It’s that time of year again. The passing of the summer, the start of the fall. Most importantly, it signals the start of that most magical of times–the start of the fantasy football season.
This year I am in three leagues–one for work, one for “stat-geeks”, and one for family and friends. I decided to tweak the way I approached the draft this year and wanted to share a bit of the strategy with readers.
One of the biggest problems with standard pre-draft rankings, particularly those of the big fantasy hosting sites (e.g. ESPN, CBS, etc) is that the rankings are based solely on aggregate measures of performance such as total projected points for the upcoming season. Now, of course the goal is to assemble a team with players that end up scoring lots of points throughout the season, but total points scored ignores the fact that teams compete head-to-head, week-to-week. In order to make the playoffs a team has to outscore opponents on a consistent basis in order to accumulate wins, not just points. That means drafting players that not only score a lot of points, but score a lot of points week in and week out. When it comes to deciding between which players to draft, managers would be better off selecting consistent scorers versus boom-or-bust players (at least, that is my hypothesis).
Let’s take a look at two hypothetical players:
Over the course of four weeks both players score the same amount of total points. However, Player A is clearly a boom-or-bust player while Player B is more consistent week-to-week. Player A gives you a great chance to win Weeks 1 and 4, but makes it much hard to win in Weeks 2 and 3. On the other hand, Player B is the model of consistency, giving you a great chance to win each week. On most pre-draft rankings, Players A and B will look like equally valuable picks, but this is misleading.

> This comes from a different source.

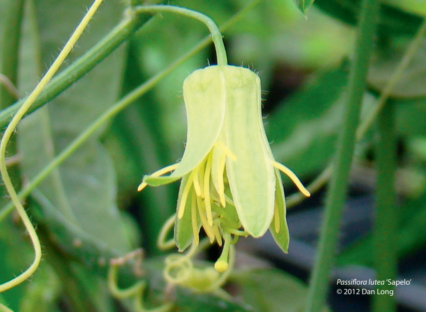
Passiflora lutea 'Sapelo'

This year, I decided to see whether a player’s penchant for boom-or-bust performances was at all consistent and predictable. The initial answer seems to be yes.

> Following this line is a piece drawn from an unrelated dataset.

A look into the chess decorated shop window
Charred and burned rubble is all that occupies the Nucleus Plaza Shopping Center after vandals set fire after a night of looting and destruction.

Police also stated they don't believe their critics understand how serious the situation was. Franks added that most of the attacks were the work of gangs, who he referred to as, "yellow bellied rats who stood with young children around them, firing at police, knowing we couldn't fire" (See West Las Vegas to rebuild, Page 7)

I developed two metrics; one to evaluate high scoring consistency and one that takes predicted points and combines them with scoring consistency. The first, ConBoom, measures, weights, and then combines the number of times a player scored >=20 points, >=15 points, and <10 points per game over the course of a season. This is the foundation of the consistency metric. ConRank combines the ConBoom score for a player with a weighted measure of that player’s predicted total points for the upcoming season. (How am I weighting each component of the measures? Well now I can’t reveal the entire secret sauce, now can I?)

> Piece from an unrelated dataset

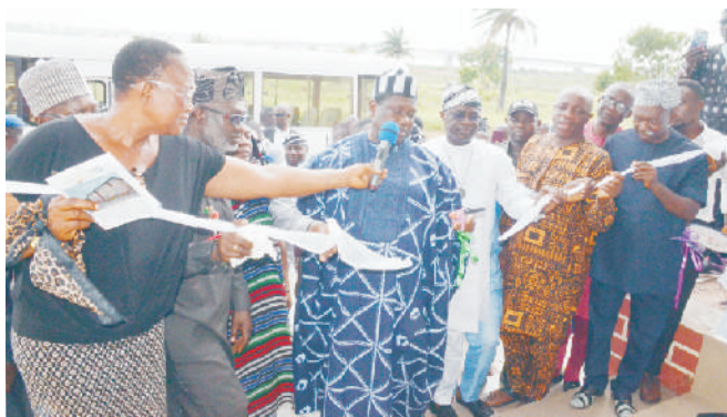
Sen. Akume commissions the Faculty of Science Complex
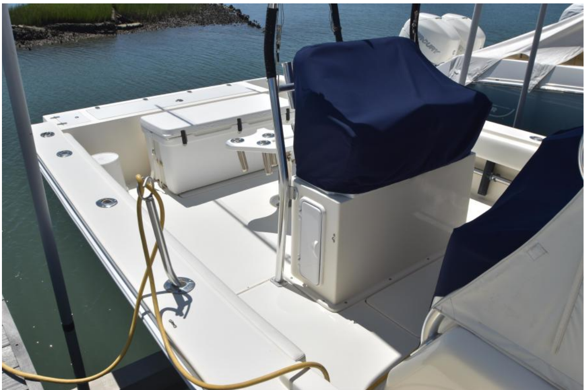
2016 Strike (3)

I validated the measures against the past three years of actual player data and found that ConBoom scores from one year were highly correlated with ConBoom scores the next year (.70).
I am going to use the new metric to guide my drafts in all three leagues and essentially test how my teams fair against other teams over the course of the season. With data and predictions for every player I’ll be able to test the method over three league scoring systems, 32 teams, and 256 games as well as validate the measures predictive attributes over another year.
Draft number one is tonight. Let the games begin!